Mary's CEA levels will drop more slowly, as they graph logarithmically as they improve. Mary will get another lab done in two weeks, and I am certain her CEA level will have gone down further. I shall, of course, blog about it either way.

But from where I sit, I can now with some certainty say that hydrogen peroxide is a cure for cancer, one that is pretty cheap (far cheaper than chemotherapy!), and has no side effects (other than also curing arthritis). And if cancer runs in your family, as it does mine, taking a full dose of 25 drops of 35% food grade hydrogen peroxide every three or four days will prevent it from ever taking hold in your body.

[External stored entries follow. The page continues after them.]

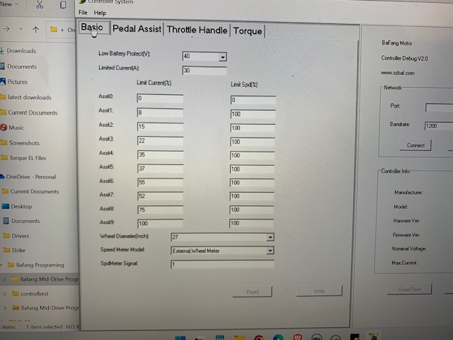 Alright, I purchased a Bafang cable and connected to the controller. Here were my settings. Of note, my low battery cutoff is set to 41V. I'm not certain if I'm in the "bike dies at 46v camp" because I don't think I've taken any rides long enough yet, but now I absolutely need to do a range...
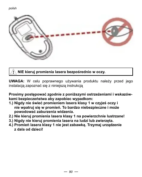 3.) Nigdy nie kieruj promienia lasera na ludzi lub zwierzeta.
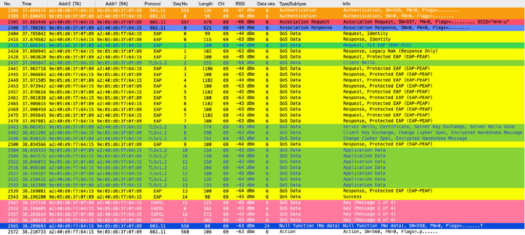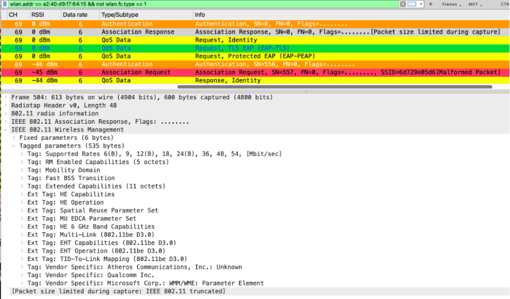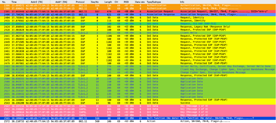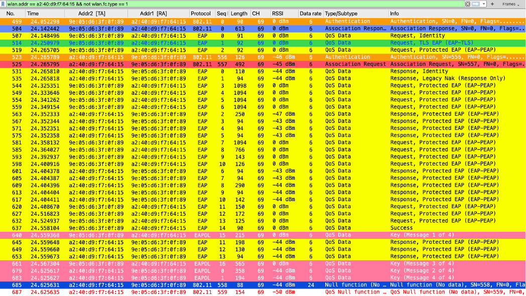 Here is the filtered traffic for my client’s MAC address and excluding control frames (wlan.addr == a2:40:d9:f7:64:15 && not wlan.fc.type == 1). As you can see it appears the order of certain frames is not quite right (opposed to Authentication -> Association -> 801.X/EAP -> 4-Way Handshake).
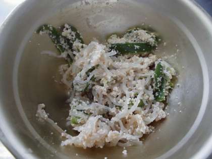 せん切りにしたピーマンと糸こんにゃく,たらこを炒めて
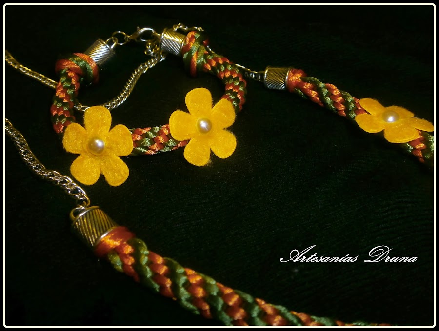 COLLAR Y PULSERA CON FLORES NARANJAS Y FORNITURAS
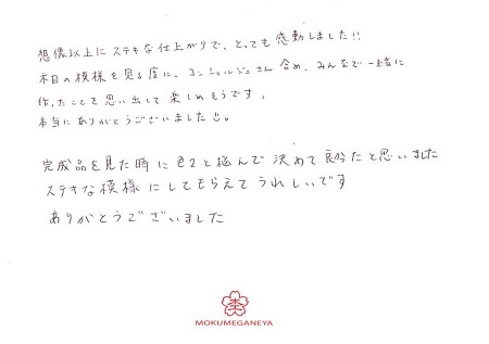 出来上がりが想像以上に美しく、とても嬉しく思います。
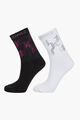 Two-pack of women's socks. Made from a stretchy cotton blend. Decorated with a lurex Karl Lagerfeld inscription along the hem. The ankle is decorated with glittery "KL" monograms. One pair in a black-gray combination, the second pair in a black-fuchsia combination.

Mary may be my ex-wife but she is also the mother of our children, and she is family and I love her dearly. So it is with enormous pleasure that I am now able to watch as her hair grows back in, her complexion returns to normal, and she regains her former high level of energy.

She is a beautiful, loving, caring and wonderful lady and I, too, do not feel that her time is anywhere near being "up". In fact, I now have hope—which I didn't have when she was taking the chemotherapy—that she will actually recover, and return to her regular job of making everyone who meets her, fall in love with her.

Update

Mary died, and it was so unnecessary. She told her doctor, after he told her she was cancer-free, that she had used the hydrogen peroxide and he hit the roof. Actually yelled at her for taking chances with her health, insisted that the H2O2 had nothing to do with her "cure". So she stopped taking it.

Her CAE count went up within two weeks. No longer "cancer-free", she had to go back on chemo, which made her sicker and sicker; but she was too terrified of the H2O2 to try it again.

So she died. And I am outraged at her doctor and the medical system that is so afraid of even trying a natural (non-patentable) medication, they intimidate those who would try into not doing so, no matter how benign the medicine is. (Hydrogen peroxide and marijuana are both examples of natural medicines that are so effective, Big Pharma can only attempt to retain market share by lying about the "dangers" such natural medicines pose. The only real danger, of course, is to Big Pharma's profits.)